#### [TASK ITEM]
What is needed here is an exact repetition of the records below, beginning at the line that has "Нагадаємо, 26 листопада" and stopping after the line that has "Sada zahradních pohovek".

#### [SOURCE DATA]
┏━━
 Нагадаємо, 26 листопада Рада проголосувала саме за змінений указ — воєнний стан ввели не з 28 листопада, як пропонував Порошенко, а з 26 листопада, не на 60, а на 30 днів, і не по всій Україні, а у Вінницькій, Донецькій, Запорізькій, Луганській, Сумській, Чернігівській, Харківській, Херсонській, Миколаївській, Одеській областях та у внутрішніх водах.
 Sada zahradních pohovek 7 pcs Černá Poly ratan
┗━━
┏━━
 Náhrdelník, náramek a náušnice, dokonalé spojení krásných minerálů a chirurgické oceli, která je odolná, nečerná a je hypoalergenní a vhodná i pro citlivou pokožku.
┗━━
┏━━
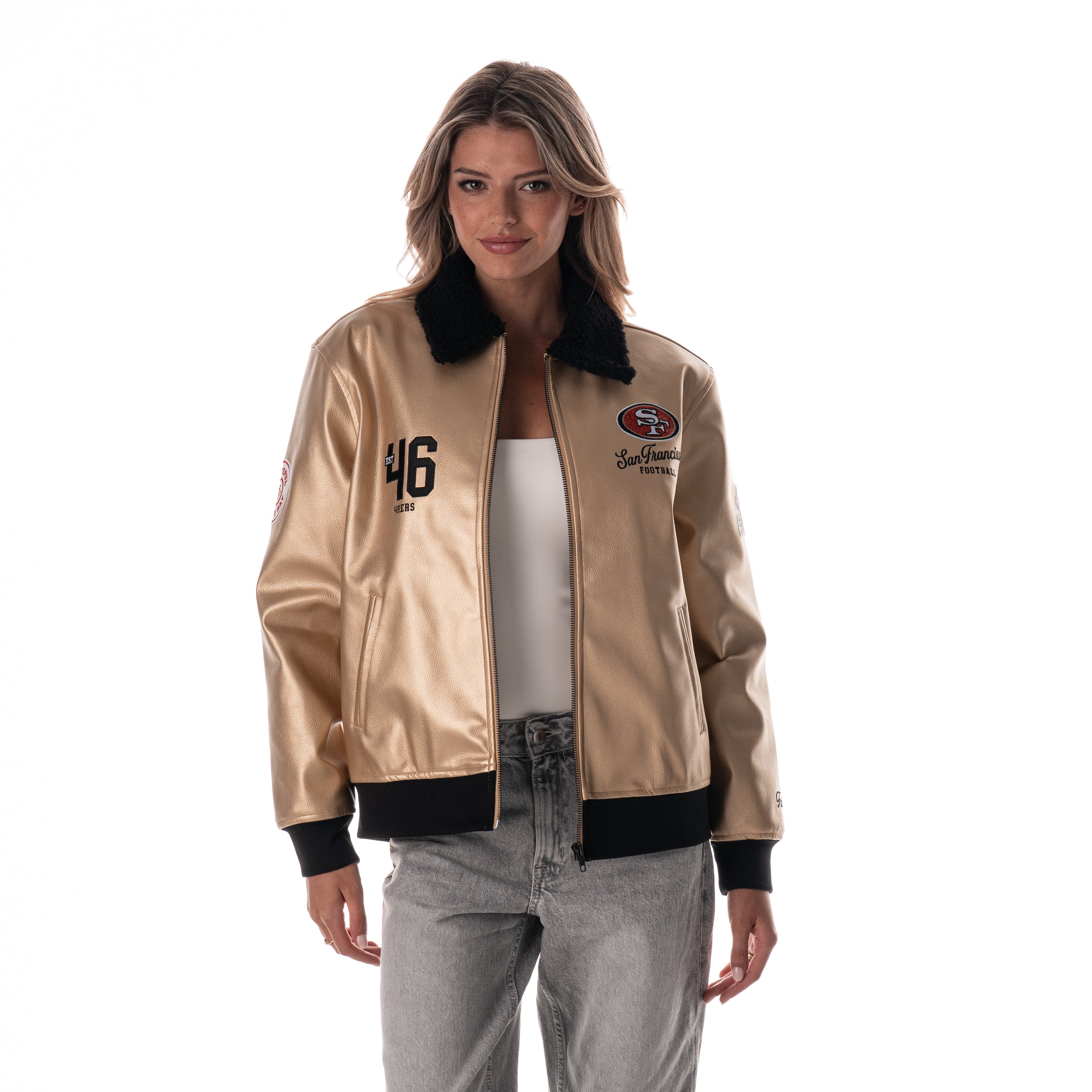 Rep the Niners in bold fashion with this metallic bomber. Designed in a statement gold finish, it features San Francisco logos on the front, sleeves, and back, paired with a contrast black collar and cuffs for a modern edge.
┗━━
#### [ANSWER TO THIS EXERCISE]
 Нагадаємо, 26 листопада Рада проголосувала саме за змінений указ — воєнний стан ввели не з 28 листопада, як пропонував Порошенко, а з 26 листопада, не на 60, а на 30 днів, і не по всій Україні, а у Вінницькій, Донецькій, Запорізькій, Луганській, Сумській, Чернігівській, Харківській, Херсонській, Миколаївській, Одеській областях та у внутрішніх водах.
 Sada zahradních pohovek 7 pcs Černá Poly ratan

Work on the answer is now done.